PROVIDED DATA:
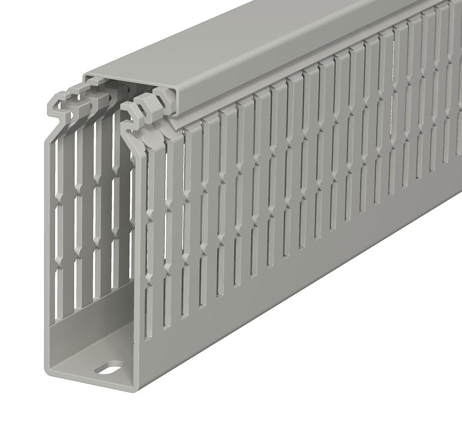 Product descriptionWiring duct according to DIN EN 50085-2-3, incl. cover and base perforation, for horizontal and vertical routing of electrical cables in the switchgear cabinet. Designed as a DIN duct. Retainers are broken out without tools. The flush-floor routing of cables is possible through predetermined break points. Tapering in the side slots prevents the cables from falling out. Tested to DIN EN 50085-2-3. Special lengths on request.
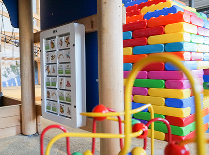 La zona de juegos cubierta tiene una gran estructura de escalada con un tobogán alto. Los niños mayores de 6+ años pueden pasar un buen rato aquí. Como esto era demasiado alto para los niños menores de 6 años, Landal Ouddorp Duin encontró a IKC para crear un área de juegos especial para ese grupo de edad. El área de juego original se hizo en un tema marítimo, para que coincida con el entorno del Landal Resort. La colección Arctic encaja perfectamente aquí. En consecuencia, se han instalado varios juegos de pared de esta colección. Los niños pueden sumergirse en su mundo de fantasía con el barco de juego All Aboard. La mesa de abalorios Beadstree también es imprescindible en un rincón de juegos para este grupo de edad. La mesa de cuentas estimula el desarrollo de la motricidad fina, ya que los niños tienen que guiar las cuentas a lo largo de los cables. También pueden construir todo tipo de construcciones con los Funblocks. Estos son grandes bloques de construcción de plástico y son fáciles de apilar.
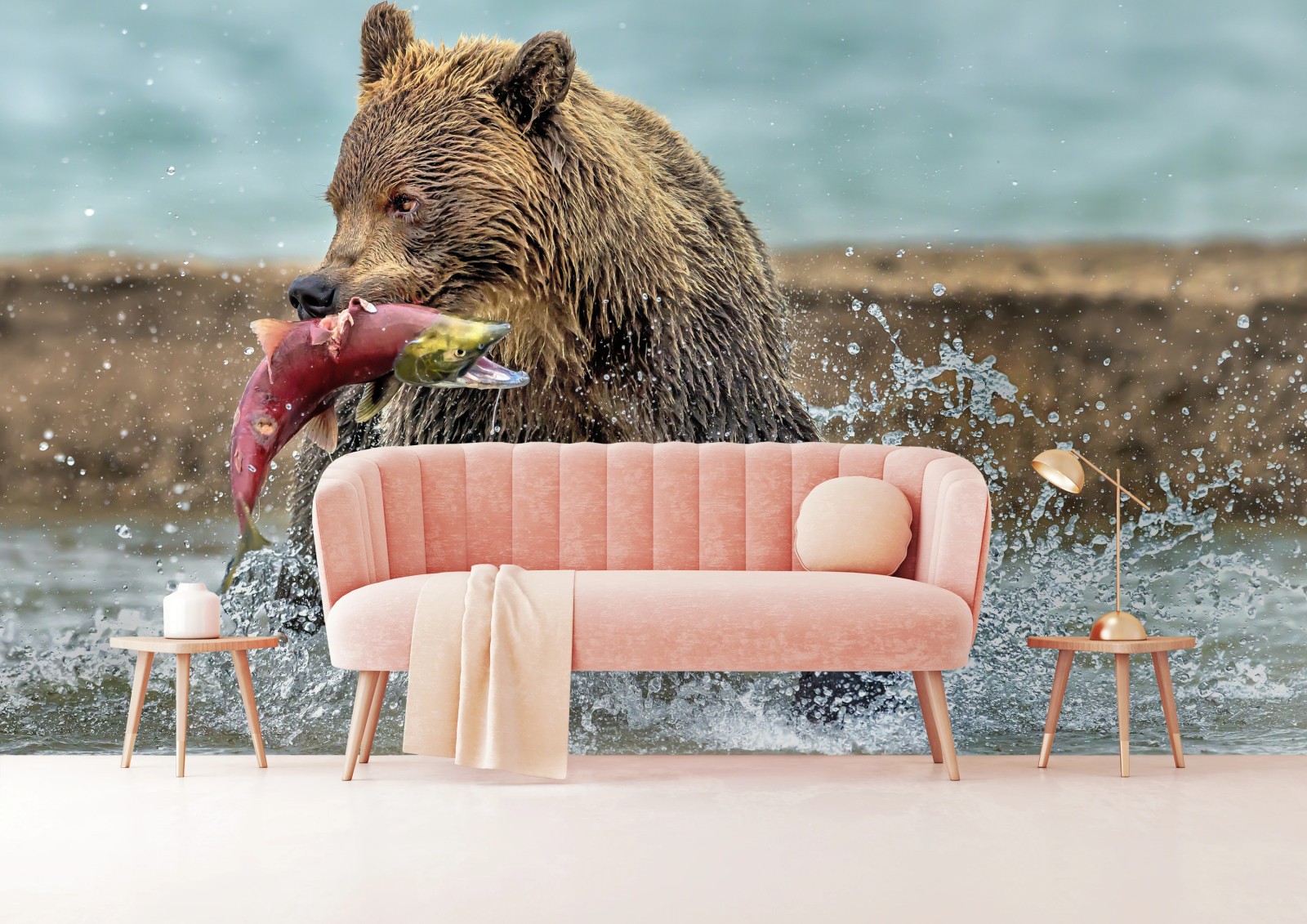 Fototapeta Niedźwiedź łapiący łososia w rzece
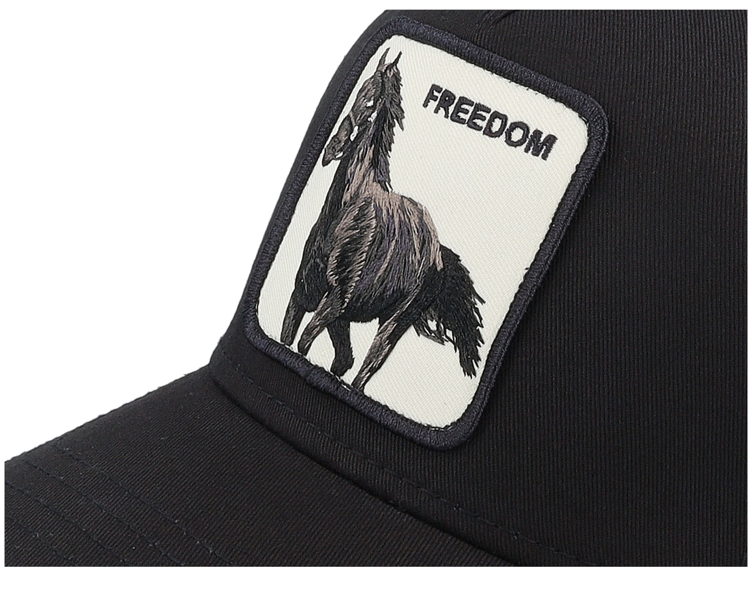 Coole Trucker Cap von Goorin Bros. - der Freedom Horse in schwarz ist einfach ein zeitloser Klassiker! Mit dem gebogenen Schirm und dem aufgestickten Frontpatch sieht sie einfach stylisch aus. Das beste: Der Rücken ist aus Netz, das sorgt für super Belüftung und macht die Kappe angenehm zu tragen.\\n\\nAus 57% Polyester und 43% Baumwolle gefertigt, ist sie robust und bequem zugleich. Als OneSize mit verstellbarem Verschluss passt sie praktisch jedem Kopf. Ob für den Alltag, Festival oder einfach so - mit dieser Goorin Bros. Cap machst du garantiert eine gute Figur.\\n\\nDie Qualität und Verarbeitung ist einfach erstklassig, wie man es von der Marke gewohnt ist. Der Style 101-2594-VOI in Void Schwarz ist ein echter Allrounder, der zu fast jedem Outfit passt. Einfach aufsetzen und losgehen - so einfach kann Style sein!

WHAT TO PRODUCE:
Word-for-word transcription: the whole listing, with images excluded.

RESULT:
 Product descriptionWiring duct according to DIN EN 50085-2-3, incl. cover and base perforation, for horizontal and vertical routing of electrical cables in the switchgear cabinet. Designed as a DIN duct. Retainers are broken out without tools. The flush-floor routing of cables is possible through predetermined break points. Tapering in the side slots prevents the cables from falling out. Tested to DIN EN 50085-2-3. Special lengths on request.
 La zona de juegos cubierta tiene una gran estructura de escalada con un tobogán alto. Los niños mayores de 6+ años pueden pasar un buen rato aquí. Como esto era demasiado alto para los niños menores de 6 años, Landal Ouddorp Duin encontró a IKC para crear un área de juegos especial para ese grupo de edad. El área de juego original se hizo en un tema marítimo, para que coincida con el entorno del Landal Resort. La colección Arctic encaja perfectamente aquí. En consecuencia, se han instalado varios juegos de pared de esta colección. Los niños pueden sumergirse en su mundo de fantasía con el barco de juego All Aboard. La mesa de abalorios Beadstree también es imprescindible en un rincón de juegos para este grupo de edad. La mesa de cuentas estimula el desarrollo de la motricidad fina, ya que los niños tienen que guiar las cuentas a lo largo de los cables. También pueden construir todo tipo de construcciones con los Funblocks. Estos son grandes bloques de construcción de plástico y son fáciles de apilar.
 Fototapeta Niedźwiedź łapiący łososia w rzece
 Coole Trucker Cap von Goorin Bros. - der Freedom Horse in schwarz ist einfach ein zeitloser Klassiker! Mit dem gebogenen Schirm und dem aufgestickten Frontpatch sieht sie einfach stylisch aus. Das beste: Der Rücken ist aus Netz, das sorgt für super Belüftung und macht die Kappe angenehm zu tragen.\\n\\nAus 57% Polyester und 43% Baumwolle gefertigt, ist sie robust und bequem zugleich. Als OneSize mit verstellbarem Verschluss passt sie praktisch jedem Kopf. Ob für den Alltag, Festival oder einfach so - mit dieser Goorin Bros. Cap machst du garantiert eine gute Figur.\\n\\nDie Qualität und Verarbeitung ist einfach erstklassig, wie man es von der Marke gewohnt ist. Der Style 101-2594-VOI in Void Schwarz ist ein echter Allrounder, der zu fast jedem Outfit passt. Einfach aufsetzen und losgehen - so einfach kann Style sein!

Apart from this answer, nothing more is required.